Electroconvection and pattern formation in nematic liquid crystals

Gyanu R. Acharya, ,

Kent State University

Electrohydrodynamic convection (EHC) in nematic liquid crystals is a crucial model system for the study of spontaneous, non-equilibrium pattern formation in anisotropic systems. To characterize the EHC patterns, I have utilized two nematic samples: 4-ethyl-2-fluoro-4'-[2-(trans-4-n-pentylcyclohexyl)-ethyl]-biphenyl (I52) and a mixture of 65 wt.-% p-butyl-p'-methoxy-azoxybenzene and 35 wt.-% p-ethyl-p'-methoxy-azoxybenzene (Phase 5), filled in standard planar cell. In I52, over certain range of the conductivity, the initial transition leads to two families of counter-propagating oblique modes that loose stability at onset. This is consistent with a stability analysis of the EHC equations, which predict a Hopf bifurcation with four oblique critical wave numbers.

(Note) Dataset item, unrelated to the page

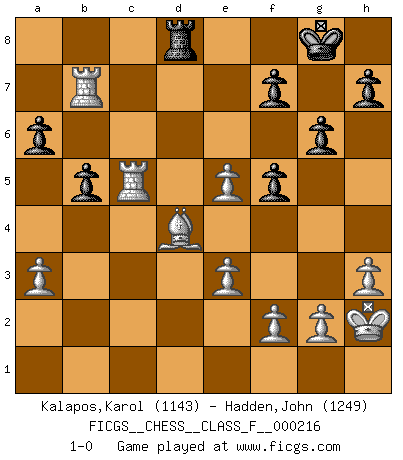 Last move : 1-0 2019 July 24 10:27:17 [Event "FICGS__CHESS__CLASS_F__000216"] [Site "FICGS"] [Date "2019.05.13"] [Round "1"] [White "Kalapos,Karol"] [Black "Hadden,John"] [Result "1-0"] [WhiteElo "1143"] [BlackElo "1249"] 1.d4 d5 2.c4 c6 3.e3 Nf6 4.Nc3 Bd7 5.Nf3 e6 6.Bd3 Bb4 7.Qc2 Qc7 8.O-O Bxc3 9.bxc3 c5 10.Re1 cxd4 11.cxd4 a6 12.Qe2 Bc6 13.Bb2 O-O 14.Rac1 Nbd7 15.Ne5 dxc4 16.Nxc4 b5 17.Ne5 Nxe5 18.dxe5 Nd7 19.Qh5 g6 20.Qg5 Qb7 21.Qg3 Rfd8 22.Be2 Nc5 23.Rxc5 Rd5 24.Rc2 Rad8 25.Bd4 R5d7 26.a3 Rd5 27.Bf3 Qd7 28.Bxd5 Qxd5 29.Rec1 Bb7 30.Rc5 Qd7 31.Rc7 Qd5 32.R1c5 Qb3 33.h3 Qd1+ 34.Kh2 Qh5 35.Qf4 Qf5 36.Qxf5 exf5 37.Rxb7 1-0 QGD Slav defense Kingside Castling by player White (move 8) Kingside Castling by player Black (move 13) Player White won this chess game. Follow this game move after move (download)The enormous mental resilience, without which no Chess player can exist, was so much taken up by Chess that he could never free his mind of this game. (Albert Einstein) Den Ruhm habe ich schon, jetzt brauche ich noch das Geld. (Wilhelm Steinitz) Fischer era un maestro de claridad y un Rey del posicionamiento astuto. Sus oponentes podían ver hacia donde se dirigía pero eran impotentes para detenerlo. (Bruce Pandolfini) On peut tirer plus d'utilité d'une partie perdue que de 100 parties gagnées. (Capablanca) There are two major products that came out of Berkeley: LSD and UNIX. We do not believe this is to be a coincidence. (Jeremy S. Anderson)

The critical voltage, the wave vectors and the Hopf frequencies are measured at different controlled parameters. These experimental observations are in agreement with the standard model and weak electrolyte model of electroconvection. Time evolution of spatial Fourier transform (FT) of a series of these images taken under same controlled parameters are studied using two-wave demodulation technique to extract envelopes. The temporal variation of the amplitudes of these envelopes is periodic between zig and zag modes which is consistent with the theoretical predictions. To study spatiotemporal chaos (STC), four-envelopes of the pattern are extracted by applying 2D spatial Fourier transform and 1D temporal Fourier transform. The temporal variation of the amplitudes of these envelopes is chaotic in space and time. Localized states called `worms' are in existence for another set of parameters at higher frequencies in the conduction regime. In Phase 5, I observed oblique stationary (OS) modes at lower frequencies and normal traveling (NT) modes at higher frequencies during electroconvection. Discontinuous jump in the Hopf frequency is observed from zero to over 20 rad/s as the driving frequency is increased along the threshold curve in the conduction regime. Measurements of the wave vector components also exhibit an abrupt jump in their values at the OS to NT transition regime.